Joe Mardesich was the first college graduate in his family. At Dana Junior High School, he developed a love of teaching as a career. He attended Pepperdine and then CSU Long Beach, majoring in history and obtaining a Secondary-School Teaching Credential. He taught US and world history, government, economics, ESL and English, in Torrance, Los Angeles, Dana Junior High, and San Pedro High. He retired in 1994 but returned the next year as a substitute teacher for a teacher on maternity leave. Over the next 12 years, he filled in for 6 teachers who delivered 8 babies, becoming known as the “grandfather” of San Pedro High. He retired again in 2008. He has been giving presentations at the San Pedro Rotary Club and the Palos Verdes Speakers Forum on historical subjects.
 
 
 
“Thucydides’ Trap” is the likelihood of a conflict between a rising power and a currently dominant power. He compared this to American power since World War II and the challengers including China as well as terrorist organizations. Countries need to work together to avoid the Thucydides Trap, and he used as an example current Chinese Pres Xi Jin-Ping who uses his country’s rising economic and military power to challenge US hegemony in Southeast Asia. The Chinese scholar Ye Zi-Cheng said if China does not become a world power, the rejuvenation of the Chinese nation will be incomplete. (China was often a major world power in ancient times.)
 
Joe reviewed the history of spying in the US. John Walker spied for the KGB, first presenting himself to the Soviet Embassy in 1957, and continued transferring classified information by “dead drops” in Washington for 18 years before being caught (after his ex-wife turned him in). The technology of the F-35 fighter jet program, costing $1.4 trillion, was compromised.
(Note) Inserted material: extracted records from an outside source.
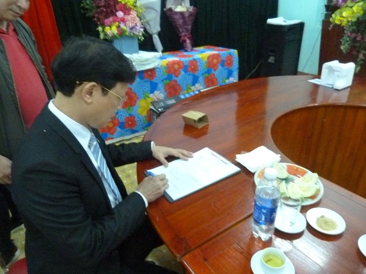 PGS.TS. Đào Đăng Phượng – Hiệu trưởng Trường ĐHSP Nghệ thuật TW ký biên bản trao tặng thiết bị học tập cho trường Trung học Cơ sở Minh Hạc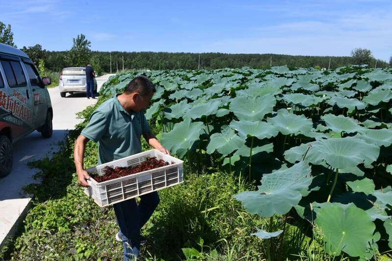 “我承包了150亩藕田,藕池里放养小龙虾。”高楼乡高楼村村民杨海青说,自家农产品不愁销路,在田里“捞起”,到路边就“卖光”,每亩能赚上万元。种藕基本不使用农药,对水体影响小,小龙虾以烂藕为食,省了大部分饲料钱。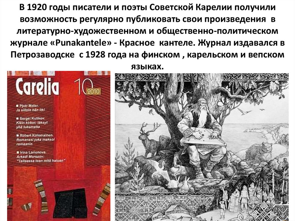 В 1920 годы писатели и поэты Советской Карелии получиливозможность регулярно публиковать свои произведения в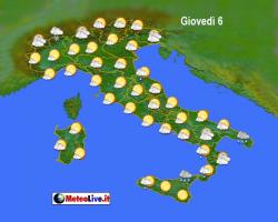 48 ore all’insegna delle correnti da nord-ovest, con generale variabilità, alcuni rovesci tra Sardegna, basso Tirreno e regioni del medio basso Adriatico, poi venerdì 7 nuova depressione in arrivo con rotazione a sud ovest delle correnti e qualche nevicata in pianura su parte del settentrione, specie Lombardia e Triveneto e temporaneo rialzo delle temperature al centro-sud. Formazione di un minimo depressionario ancora un po’ "ballerino" al suolo tra nord e centro Italia.
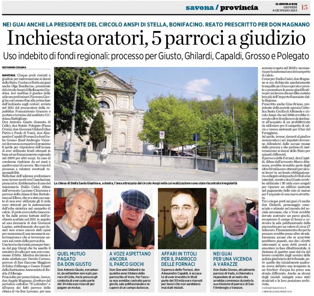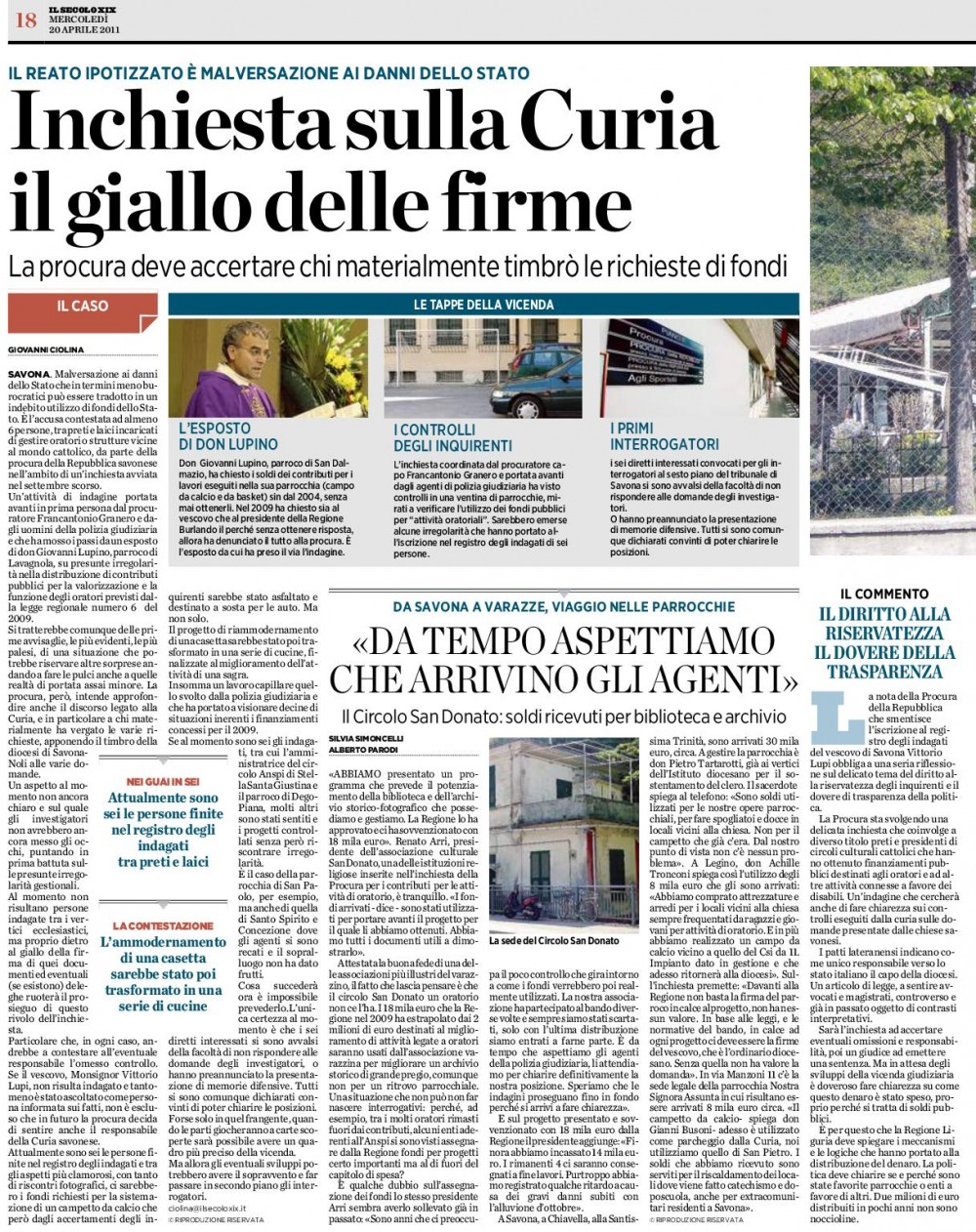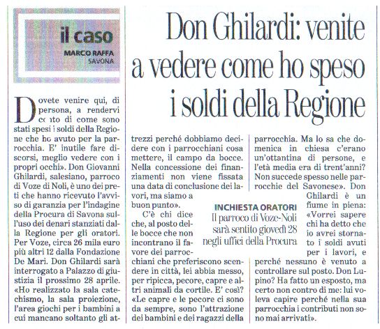 LA STAMPA 19 GIUGNO 2011 – DI FATTO HA CONTINUATO A CELEBRARE MESSA ANCHE A VOZE, OLTRE CHE A MAGNONE E VEZZI PORTIO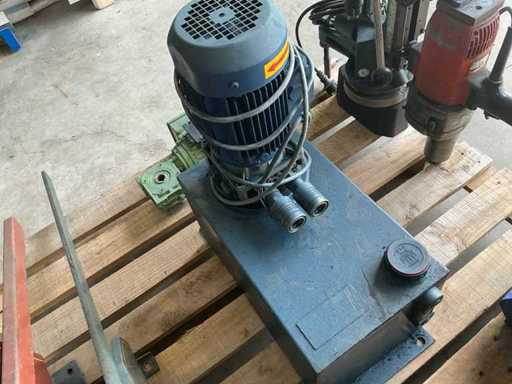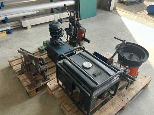 Equipped with: drill press, sawing machine, generator (operation unknown), hydraulic pump, electric motor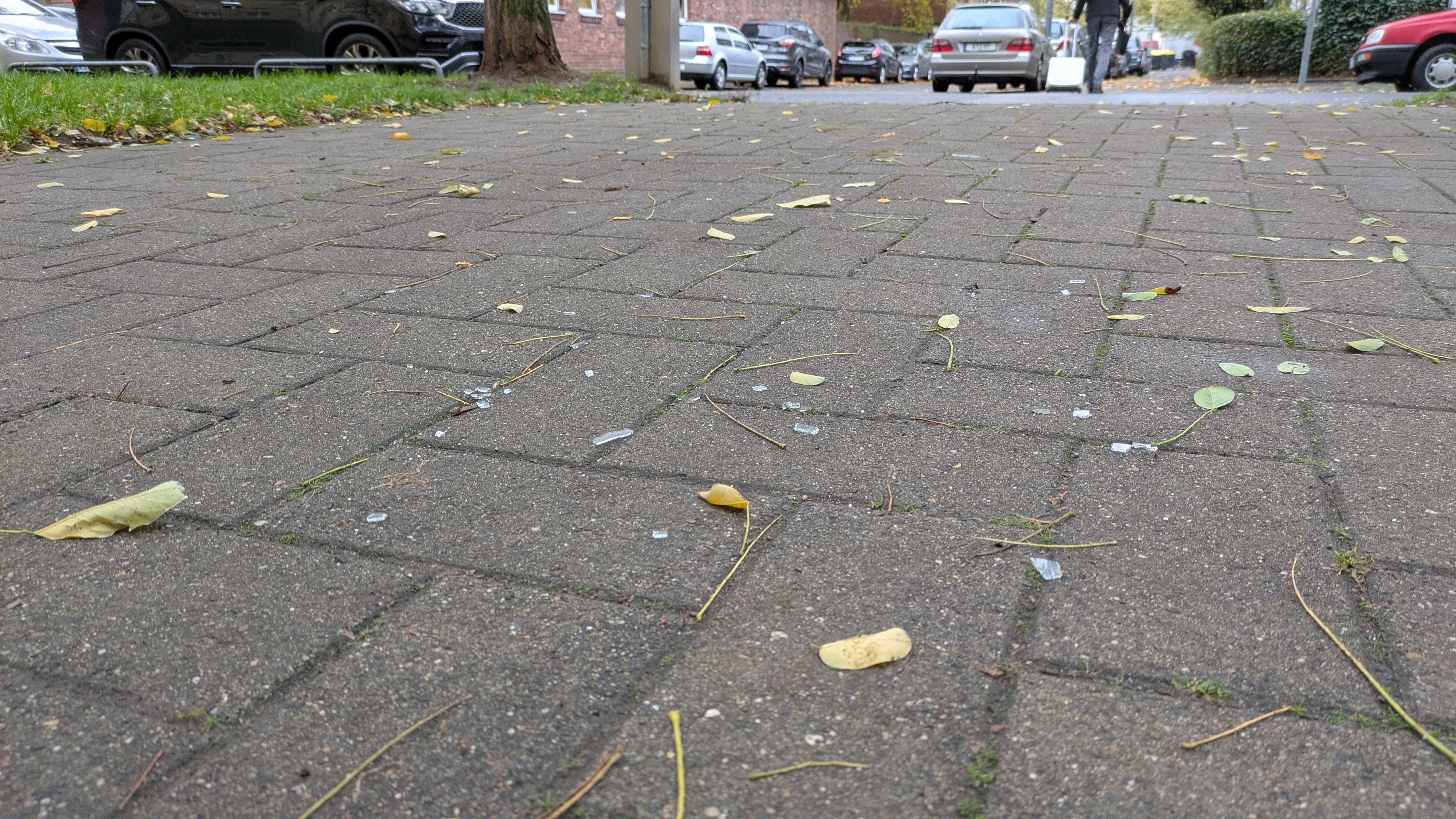 Viele zum Teil größere Glassplitter von Flachglas auf der Feuerwehreinfahrt.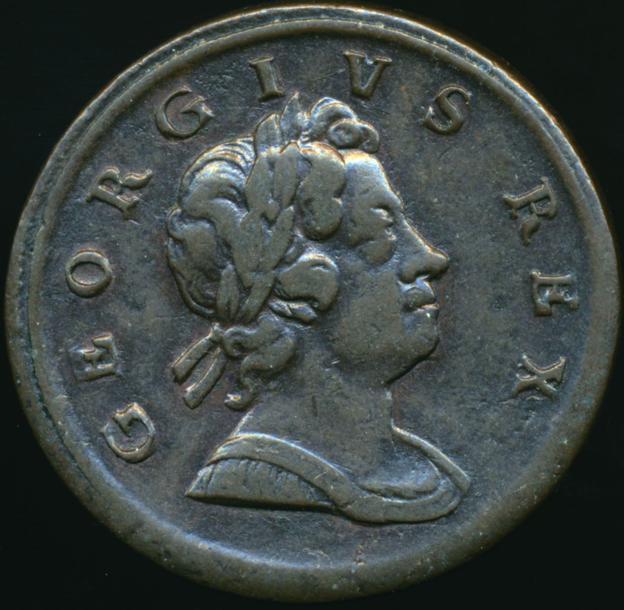 1718 Halfpenny Obverse no stops S3659 BMC 775 GVF Very rare

Glenn Shriver spied for China. Chinese cyber espionage (mostly of industrial technology) has become a major problem. “The Falcon and the Snowman” were code-names for aerospace spies living in Palos Verdes.
 
A great ancient commercial theft was of Chinese tea plants, taken by the British to their colony in India where they developed plantations to feed a profitable new tea culture in Europe. In return, they sent opium to China and managed to get commercial concessions in Hong Kong, which they ruled as a colony until 1997. Silkworms, vitrified porcelain (“china”) and gunpowder were other ancient examples taken from China. Coca-Cola’s formula is a modern trade secret (probably not much of a secret anymore).
 
Casanova was a Venetian spy, as well as a librarian and a well-known Lothario (from a similar “Don Quixote” character). Mata Hari was a glamorous German-French celebrity who became a spy for Germany in World War I; she was executed in 1917. Benedict Arnold was a turncoat for the British during the US Revolutionary war. J Robert Oppenheimer and the other Los Alamos spies after World War II produced a major political scandal. The Soviets later boasted that they had 29 agents at Los Alamos, and this information changed geopolitical history as the Soviet Union under Stalin quickly developed atomic and then hydrogen bombs within a few years after the US had dropped the first nuclear weapons on Japan to end World War II. There were supposedly 500 American spies against the US during the Cold War. Most spies were compromised by other spies.